It basically says "go fetch a Category type node with the by field equal to the from field of the original node". from, by default, is the field that the directive was applied to. It even has support for overriding the type parameter, if you wanted to. Perhaps that would be useful if you had a custom Query level resolver that linked back to a Category node 🤷‍♂️.

It looks to me like it should also have support for collecting a list of categories, too. If category were an array of category slugs, then I imagine something like this would work:

type Category implements Node @dontInfer {
    formattedName: String!
    slug: String!
}

type SubCategory implements Node @dontInfer {
    formattedName: String!
    slug: String!
}

type AWSAppSync_Product {
  category: [Category] @link(by: "slug")
  subCategory: [SubCategory] @link(by: "slug")
}

Js-Brecht avatar Aug 11 '20 20:08 Js-Brecht

Hi @Js-Brecht , your input is always welcome!

Thank you for that explanation, I hopefully can get this working so I can translate it into an example for gatsby-source-s3.

I have attempted to implement it this way but get Error: Schema must contain uniquely named types but contains multiple types named "AWSAppSync_Product". Possible that gatsby-source-graphql is causing that issues.

LpmRaven avatar Aug 14 '20 02:08 LpmRaven

Hmm, yeah... I'm not sure if type merging will work properly when also using schema stitching. IIRC, merging and stitching happen at different stages, which is one reason that createResolvers are needed when using third party schemas. This was talked about somewhere, but I can't find where; It was ages ago, so it would take a lot of digging.

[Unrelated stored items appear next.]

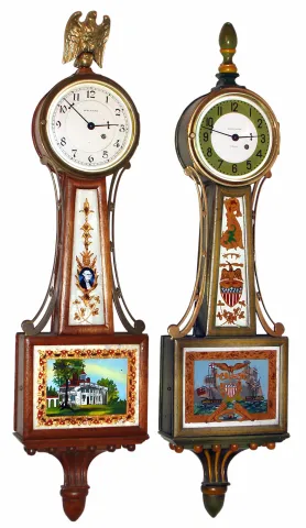 Two Waltham "Miniature Banjos" with 8 day time only spring driven key wind movements; one in green crackle case and the other in solid mahogany
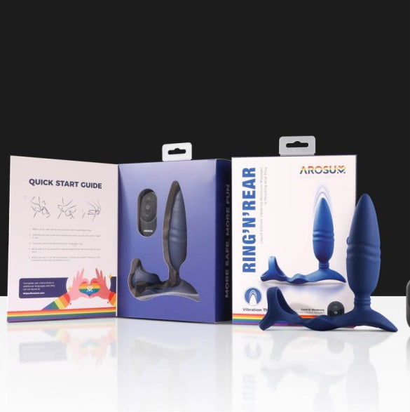 Arosum Ring'n'Rear Dual Thrusting Anal Probe with Cockring and Remote
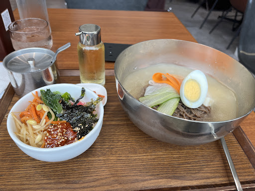 Read moreお得なランチをオススメされ注文しましたが、1人分にしては麺の量が多すぎて1/4ほど残してしまいました。 ビビンバは美味しかったです! ただ、冷麺の具のお肉が凄く臭くて噛んだ瞬間にダメだと察知してお皿に戻しました。 韓国料理は、流行り前から好きで色々な場所に行ってはいましたが、お肉の匂いがキツいところは初めてでした。。 店員さんにオススメされましたが残念です。
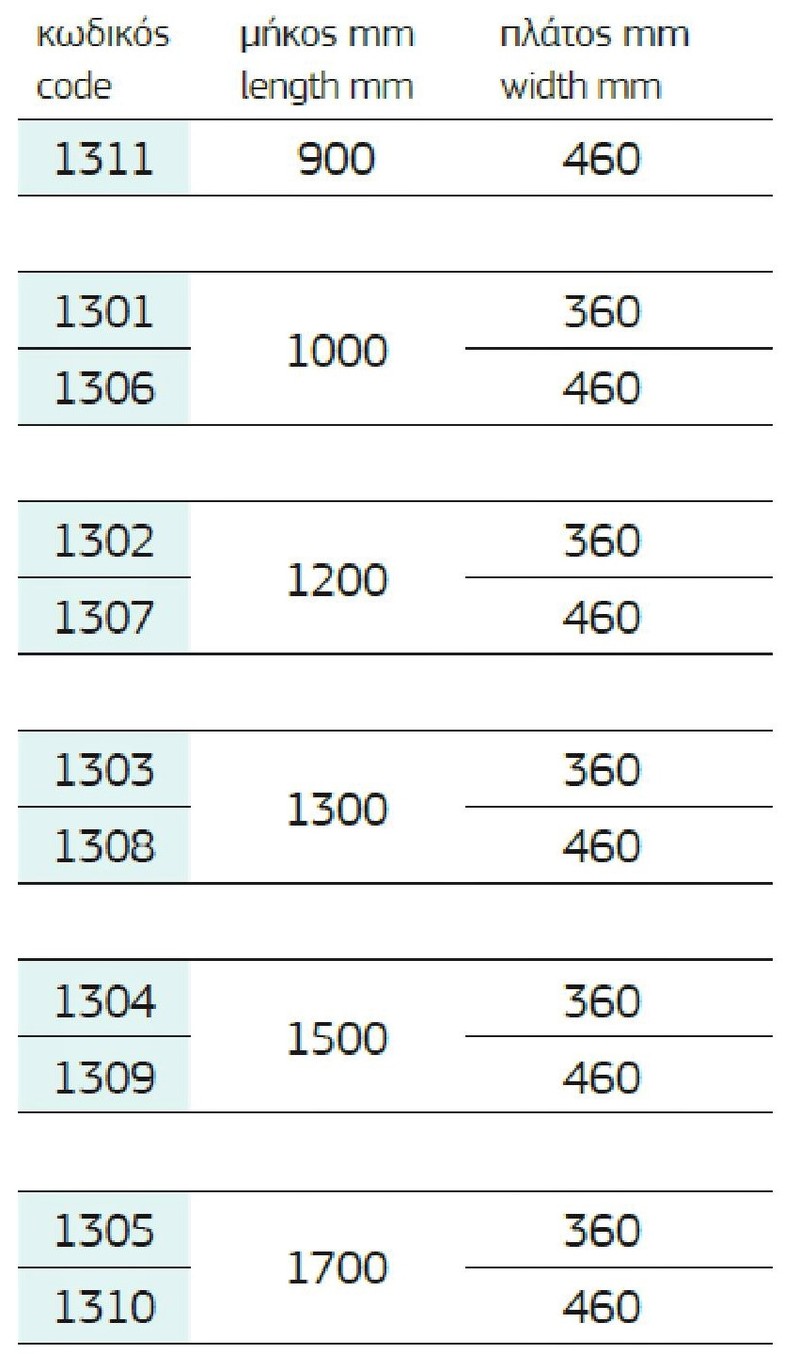 - Σε 2 πλάτη 360 mm και 460 mm.
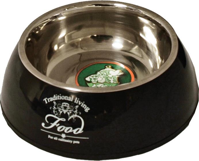 Črna pasja posoda za hrano ali vodo z napisom.
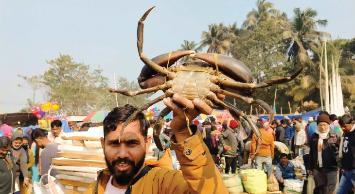 নিজস্ব প্রতিনিধি, চুঁচুড়া ও সংবাদদাতা, উলুবেড়িয়া: উলুবেড়িয়ার মেলায় বিক্রি হচ্ছে রয়্যাল বেঙ্গল কাঁকড়া। এক-একটি কাঁকড়ার ওজন ১ কেজিরও বেশি। দাম ২ হাজার থেকে ৩ হাজার টাকা। উদয়নারায়ণপুরের সিংটি গ্রামে হচ্ছে এই কাঁকড়া মেলা। বৃহস্পতিবার সকাল থেকে মেলায় মানুষের ঢল। আবার মাছের মেলা ঘিরে জমজমাট হুগলির ব্যান্ডেলের কৃষ্ণপুর। ৫১৯ বছর ধরে এই মেলা হচ্ছে বলে দাবি স্থানীয় বাসিন্দাদের। চলতি বছর একটি ৫০ কেজির শঙ্কর মাছ এবং একটি রাশিয়ান রুই মাছ মেলায় আনা হয়েছিল। তা দেখতে ভিড় জমিয়েছিল জনতা।

Just to make sure, AWSAppSync_Product isn't a Node type, right? Pretty sure that when using third-party schema stitching there is only one root type.

Js-Brecht avatar Aug 14 '20 02:08 Js-Brecht

Here's one comment: https://github.com/gatsbyjs/gatsby/issues/23444#issuecomment-624746337

Still can't find the original discussion

Js-Brecht avatar Aug 14 '20 02:08 Js-Brecht

appSync is the root node type and AWSAppSync_Product is a type within that. From what I have read, I don't think it is possible to extend AWSAppSync_Product whilst using gatsby-source-graphql.

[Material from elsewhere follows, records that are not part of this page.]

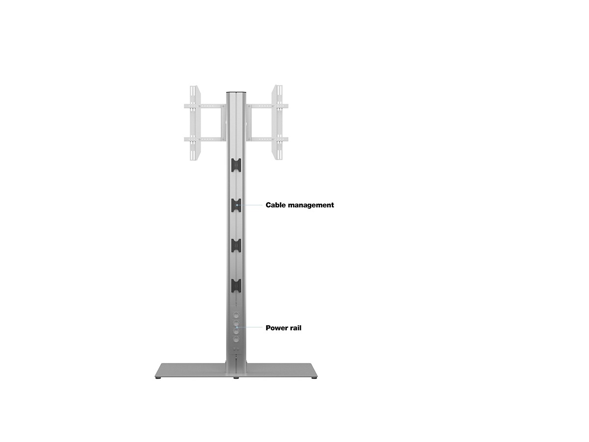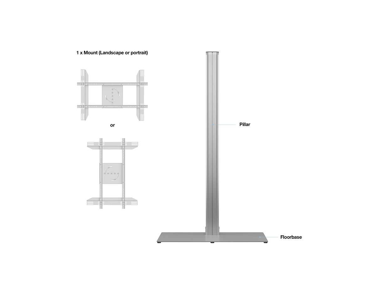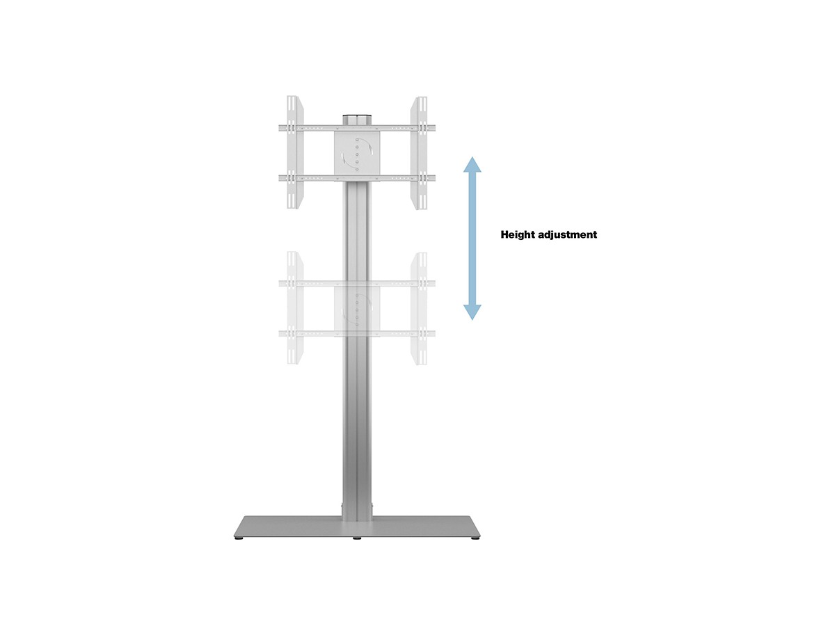 M Public Display Stand 210 HD Single Silver w. Floorbase is a ultraflexible and high level floor stand from Multibracket. With its screen rotation feature it’s both flexible and multifunctional.
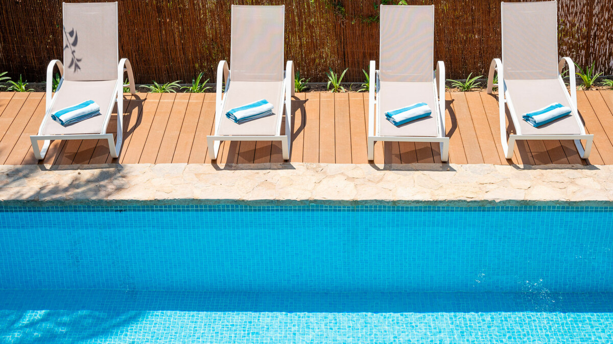 Au rez-de-chaussée se situe le jardin méditerranéen luxuriant, la piscine et un solarium avec plusieurs chaises longues.
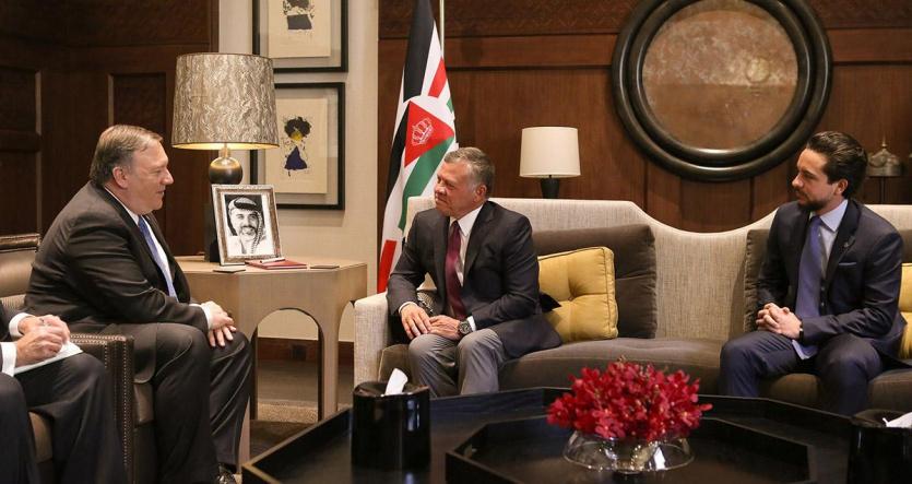 بحث العاهل الاردني عبدالله الثاني مع وزير الخارجية الأمريكي مايك بومبيو، في واشنطن، مساعي تحريك عملية السلام، حيث جدد العاهل الاردني تأكيده على ضرورة تكثيف الجهود المستهدفة إعادة إطلاق مفاوضات جادة فاعلة بين الفلسطينيين والإسرائيليين استنادا إلى حل الدولتين وبما يفضي إلى إقامة الدولة الفلسطينية وعاصمتها القدس الشرقية.

I did manage to get it working with with the resolvers, so it's not such a big issue. I guess its something to note if anyone is trying to use gatsby-source-s3 with other source plugins.

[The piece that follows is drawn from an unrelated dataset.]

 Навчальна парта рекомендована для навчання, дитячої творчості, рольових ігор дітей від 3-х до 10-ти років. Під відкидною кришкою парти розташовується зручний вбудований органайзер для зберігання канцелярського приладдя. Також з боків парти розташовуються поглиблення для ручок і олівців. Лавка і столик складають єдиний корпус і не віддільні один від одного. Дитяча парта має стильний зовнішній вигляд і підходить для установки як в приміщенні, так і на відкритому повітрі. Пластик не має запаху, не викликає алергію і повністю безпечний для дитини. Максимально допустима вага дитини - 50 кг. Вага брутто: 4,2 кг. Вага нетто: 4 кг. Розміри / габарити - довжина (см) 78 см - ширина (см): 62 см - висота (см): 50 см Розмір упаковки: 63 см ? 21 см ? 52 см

LpmRaven avatar Aug 14 '20 05:08 LpmRaven

Since upgrading to V2, my implementation of resolvers no longer works as I was using my own version of createRemoteFileNode in my gatsby-node.js for the S3Objects. V2 allows for private S3 buckets, retreiving the file using a signedUrl, this breaks my implementation as the Url no longer exists on the node.

    if (node.internal.type === "S3Object" && node.Key && isImage(node.Key)) {
        try {
            const imageFile = await createRemoteFileNode({
                url: node.Url, // <-- no longer exists
                parentNodeId: node.id,
                cache,
                createNode,
                getCache,
                store,
                auth: {},
                httpHeaders: {},
                createNodeId,
                ext: null,
                name: null,
                reporter
            }).catch((error) => {
                reporter.error(error);
            });

            if (imageFile) {
                node.imageFile = imageFile;
            }

        } catch (error) {
            reporter.error(error);
        }
    } else if (node.Key) {
        reporter.warn(`${node.Key} is not an image`);
    }

At the point which the resolvers run, the localFile (foreign key || node.localFile___NODE = imageFile.id;) has not been resolved. So I am unable to retrieve the localFile and add it to my AWSAppSync_Product. (I get null)

imageFile: {
            type: 'File',
            resolve: async (source, args, context, info) => {
                if (source.image1 && !source.image1.startsWith('http')) {
                    const node = await context.nodeModel.runQuery({
                        query: {
                            filter: {
                                Key: { eq: source.image1 }
                            }
                        },
                        type: 'S3Object',
                        firstOnly: true
                    });
                    //console.log(node)
                    if (node && node.localFile) return node.localFile; // <--- This is null
                }
            }
        },

The only way I found to resolve it was to modify the plugin and add a line node.imageFile = imageFile;.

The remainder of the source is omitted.